The compatibilizing agent that is different from compatibilizing agent of the present invention is not particularly limited.Yet it is preferably by poly-(D-or L-lactic acid) or D-or L-lactic acid/starch copolymer resin and fusing point or softening temperature and is not higher than the polymkeric substance that the biodegradable resin generation block copolymerization prepared in reaction of poly-(lactic acid) fusing point or softening temperature forms.This biodegradable resin is, for example: and poly-(butyleneglycol succinate) resin of polycaprolactone, poly-(butyleneglycol adipic acid ester-terephthalate), hexanodioic acid modification, or the like.For copolyreaction, can adopt dehydration condensation, wherein resin is heated under reduced pressure and melts altogether; Or crosslinking reaction, wherein use the compound that has two or more isocyanate groups or epoxide group.
The addition of compatibilizing agent is not particularly limited.Yet, being preferably in per 100 weight parts poly-(lactic acid), its addition is 1~30 weight part, more preferably 5~30 weight parts.When its addition is lower than 1 weight part, can produce such situation, i.e. the interpolation of compatibilizing agent does not produce remarkable influence to the improvement of poly-(lactic acid) shock resistance.Even when its addition is higher than 30 weight parts, can produce the situation that effect no longer improves of improving of shock resistance.And, can produce the situation that its tensile strength and thermotolerance descend.
Embodiment
Will be for a more detailed description with reference to the following examples to the present invention, but the present invention should not be interpreted as being defined in this.
Embodiment 1
(a) mixing gathers (lactic acid), compatibilizing agent of the present invention, is different from the compatibilizing agent of compatibilizing agent of the present invention and composes flexible dose:
Weigh up poly-(L-lactic acid) (Lacea H-100J of spheric 100 weight parts of respectively doing for oneself, by Mitsui Chemicals, Inc. produces), poly-(butyleneglycol succinate)=3: 1 (compatibilizing agents 1 of the present invention of D-lactic acid/starch copolymer portions of resin of 6.7 weight parts; Polycaprolactone (composing flexible dose) (the Placcel H-7 of the A-B-A type), poly-(the L-lactic acid) of 18.3 weight parts/poly-(butyleneglycol succinate) block copolymer resin (compatibilizing agent) and 10 weight parts, by DicelChemical Industries, Ltd. produces).In a PE bag with the said components pre-mixing together.The mixture that forms is carried out kneading with kneader SIKR (by Kurimoto, Ltd. produces), be squeezed into thigh, on transfer roller, cool off, granulate then.
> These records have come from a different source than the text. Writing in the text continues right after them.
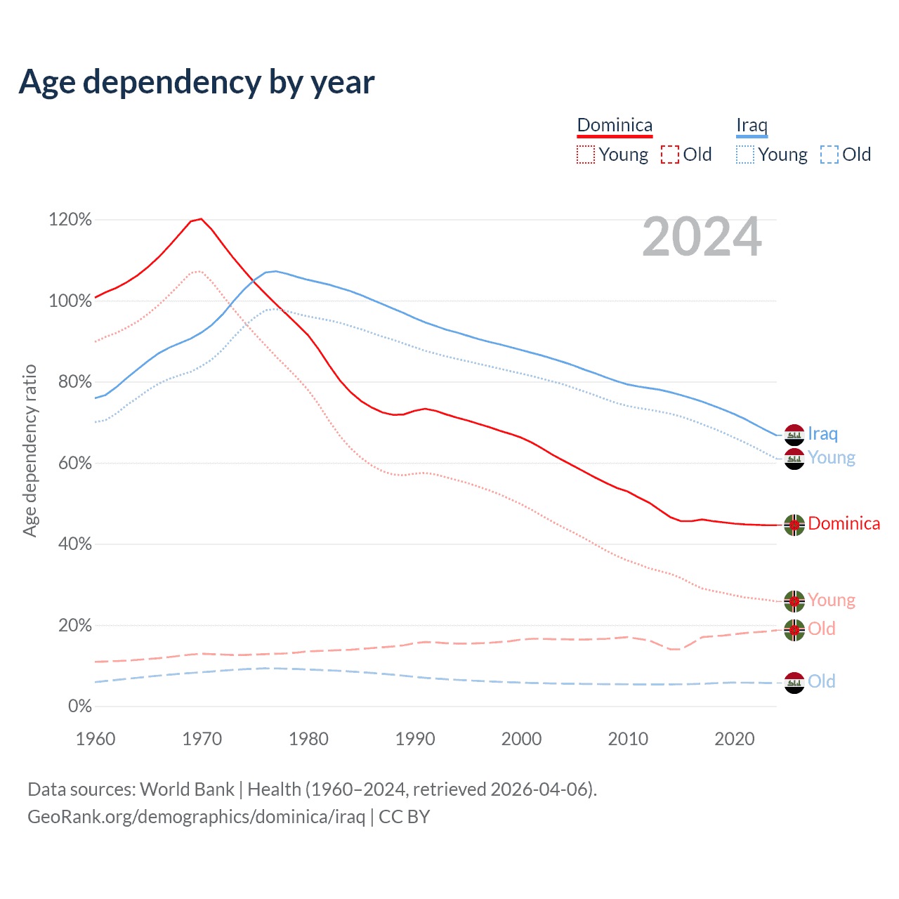 - The share of old-age demographic (65+) in Dominica is 13% vs 3.41% in Iraq.
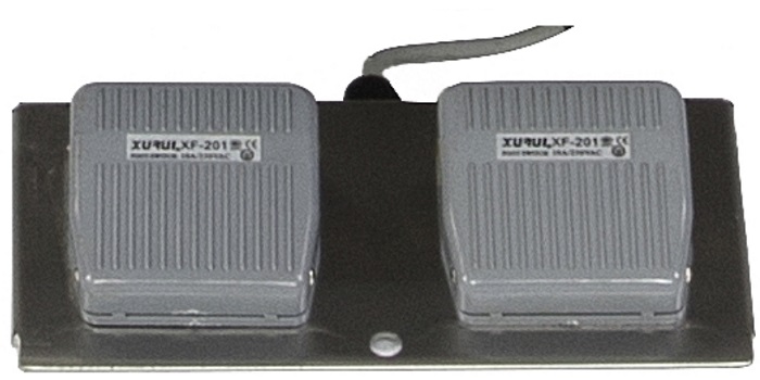 Опционально, возможна дополнительная комплектация педалями управления реверсивным движением конвейерной ленты машины. Педали позволяют работать с оборудованием быстрее (за счет освобождения рук от лишних манипуляций) и постоянно находиться оператору сбоку от центральной панели управления в непосредственной рабочей зоне.
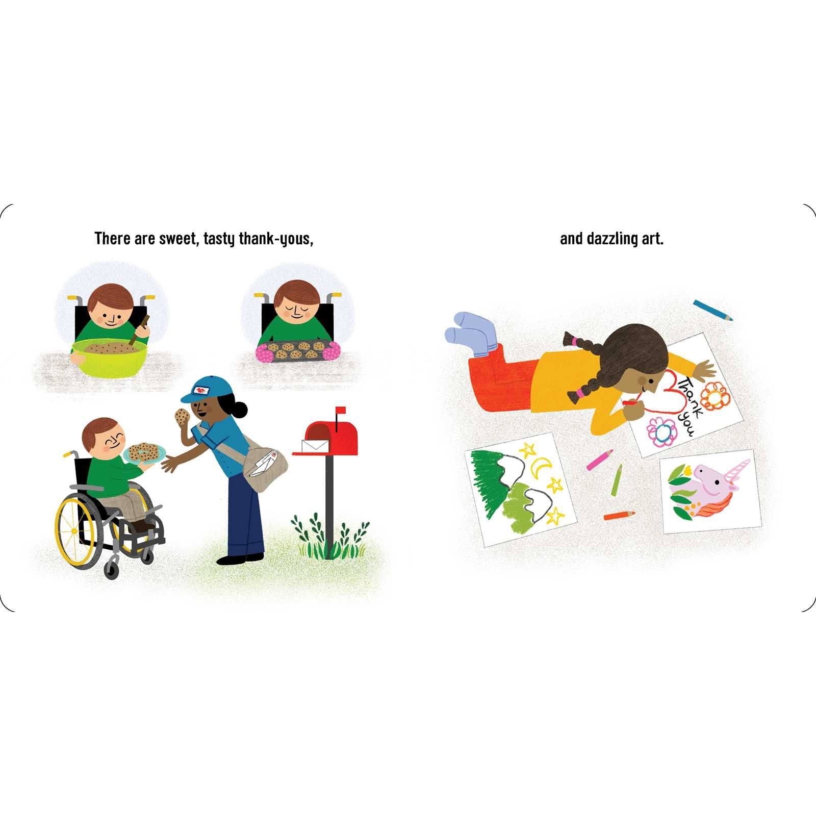 [Little Simon] This joyous board book celebrates the different ways we can say thank you to those around us—from hugging a friend to thanking a teacher, to showing gratitude in even bigger ways! Thanking is easy. Thanking is fun. It shows you are grateful when kind things are done. From thanking your teacher for teaching, to thanking your vet for caring, from sharing a hug, to giving a card, this sweet book shows all the ways we can express gratitude. And as the book builds, so does the scale of the thanks, showing young readers that even if they start small, they can have a big impact.
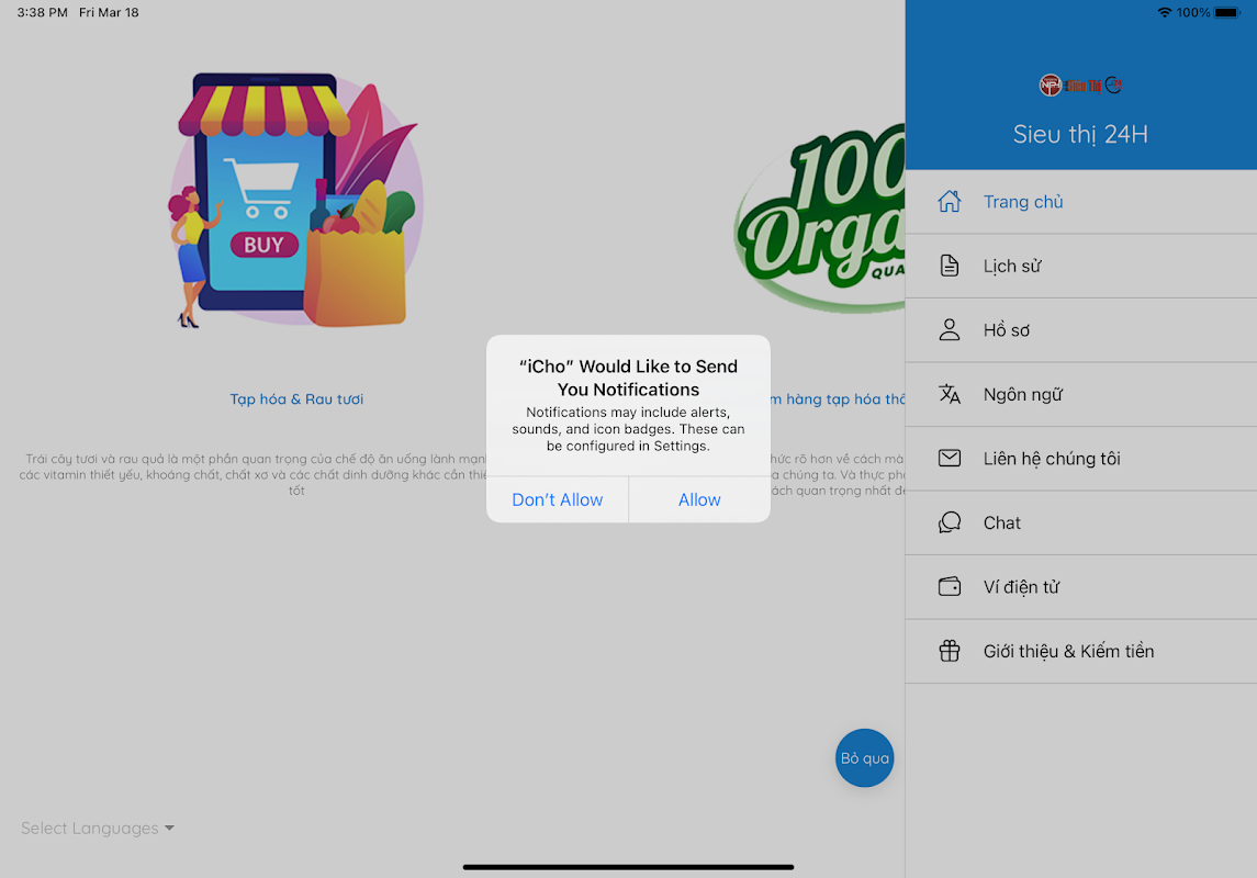 2: افتح التطبيق ، وقم بتمكين الوصول إلى الموقع والإشعارات
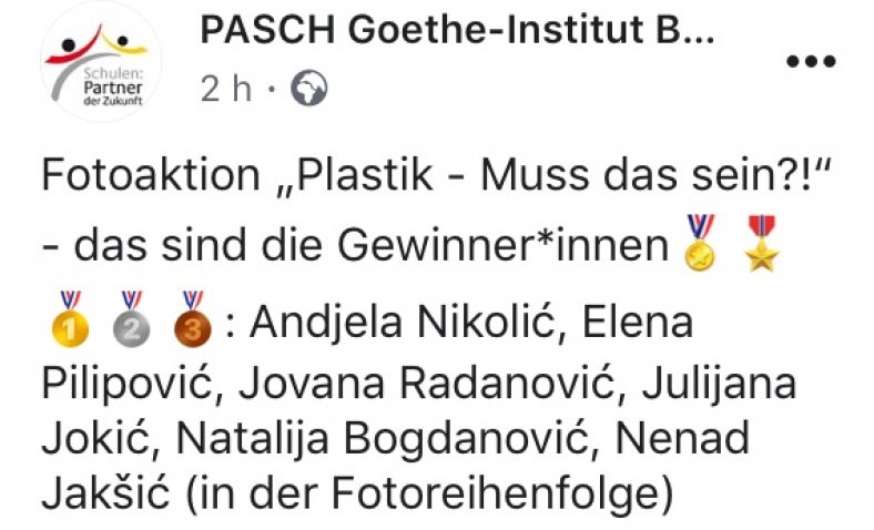 Све похвале и за остале ученике (Хелену Шкипину VIII1, Јовану Павлевски VIII1, Екатарину Радић V3, Александру Савић V5 и Ђорђа Стојановића VII4) који су путем слика, коментара и порука на немачком језику скренули пажњу на проблеме заштите животне средине и пробудили еколошку свест.
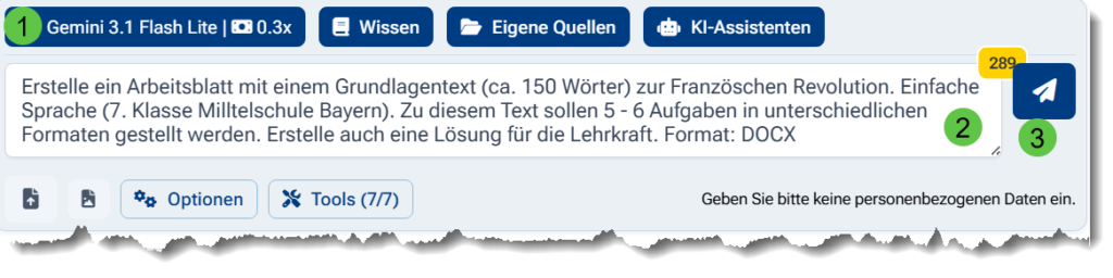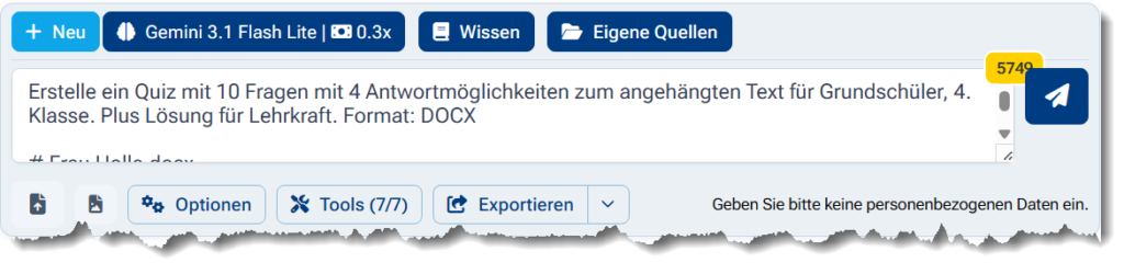 Sie haben ein monatliches Kontingent (= 100%). Je nach gewähltem KI-Modell und Umfang der Aufgabe verringert sich dieses Guthaben. - Beachtung der DSGVO: keine personenbezogenen Merkmale wie z. B. Schülernamen, Fotos mit Schülern, Handschriften von Schülern usw. verwenden
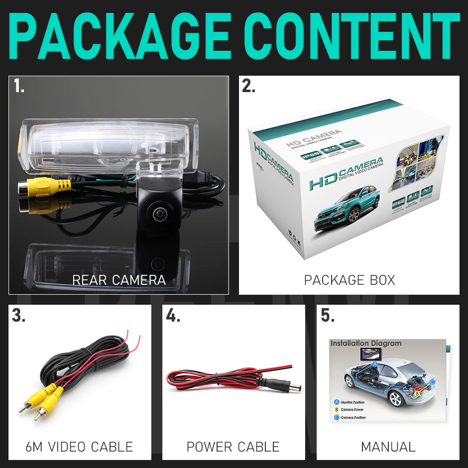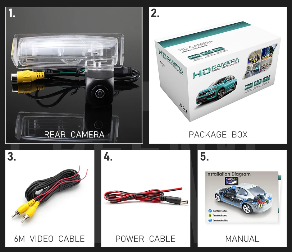 1. Rear camera 2. Package box 3. Video cable (6m) 4. Power cable 5. Manual
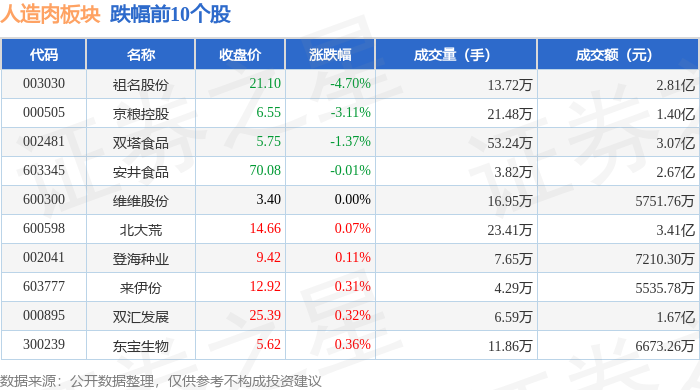 从资金流向上来看,当日人造肉板块主力资金净流入3.96亿元,游资资金净流出4574.18万元,散户资金净流出3.5亿元。人造肉板块个股资金流向见下表:
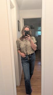 Dressed this shirt down with jean shorts so it was perfect for casual brunch in Brooklyn. The 3 ties in the front were super on trend but sadly not bra friendly. You might’ve gotten away with a little bralette hidden under the. shirt. Overall great rental!
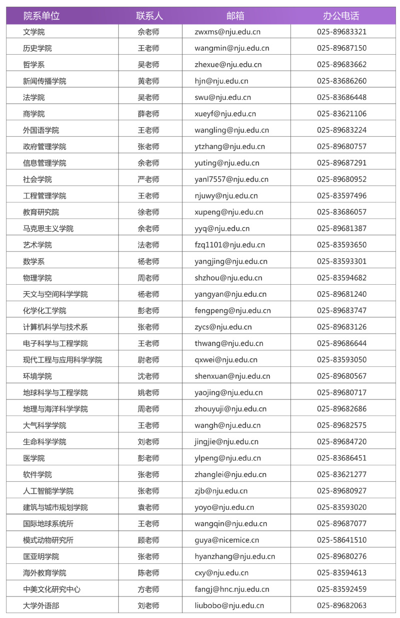 ![]() 有意者可垂询南京大学人才引进办公室或各相关院系单位。 联系方式: 周老师、刘老师:86-25-89686783 胡老师、王老师:86-25-89680253 梁老师、赵老师:86-25-89687256 邮箱:rcb@nju.edu.cn 院系单位联系方式: |
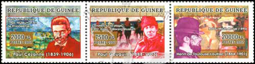 邮票介绍:著名印象派画家,画家保罗·塞尚、保罗·高更及亨利·德·图卢兹-洛特雷克3联(我社已售缺)
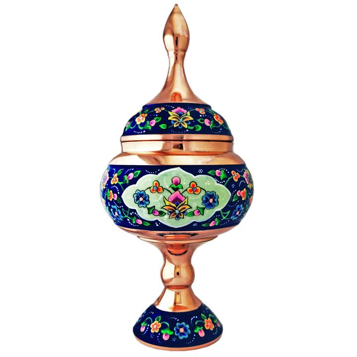 این شکلاتخوری پایه دار مسی که به سبک پرداز نقاشی شده، به دلیل داشتن پوشش محافظ (پلی استر اعلا)، به هیچ عنوان سیاه نمیشود. باید توجه کنید که در صورت استفاده صحیح، ظروف مس و پرداز طول عمر بالایی خواهند داشت. بهتر است در زمان شستن ظروف مس و پرداز، از مواد شوینده قوی استفاده نشود و فقط با دستمال گردگیری نرم آن را تمیز کنید.
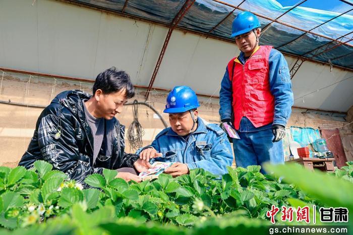 中新网甘肃新闻12月11日电 (张卓卓)初冬暖阳洒满庆阳市庆城县玄马镇草莓种植基地,一座座日光温室大棚错落有致,棚内绿意盎然,饱满鲜红的草莓缀满藤蔓,果香四溢,种植户穿梭棚间采摘分拣,游客驻足体验采摘乐趣,欢声笑语里满是丰收的喜悦。当天,国网庆阳供电公司工作人员走进基地,开展冬日用电安全专项检查,为这份“甜蜜产业”的稳产丰产筑牢电力屏障。

(b) resin compound is injection-molded:
According to JIS-K7113, will be molded as the #1 tension specimen by the granular mixture of above-mentioned (a) preparation and be used for bar-shaped sample (100mm * 10mm * 4mm), use Co. separately, the SAV-30 that Ltd. produces that sensing lead is out of shape by Sanjo Seiki.Molding temperature at screw rod upstream portion, screw rod downstream part and nozzle place is set at 170 ℃, 175 ℃ and 180 ℃ respectively.In addition, the molding temperature of test operation is 110 ℃ (at the observed value of movable pressing board side, molding temperature is set at 120 ℃), and be 120 seconds cooling time.
The sample that obtains was heated 2 hours in 110 ℃ stove.(to the sample that obtains, test its heat-drawn wire, measure its ultimate tensile strength and elongation at break according to JIS K7113 according to JIS K7191-2.Further according to the Izod shock strength of JIS K7110 test sample.) result that obtains is as shown in table 1.
Embodiment 2
Prepare sample with the method identical, except the Duranate (P301-75E is produced by Asahi Kasei Corp.) (linking agent) that adds 0.5 weight part with embodiment 1.Use the method identical to measure heat-drawn wire, ultimate tensile strength, elongation at break and the shock strength of sample then respectively with embodiment 1.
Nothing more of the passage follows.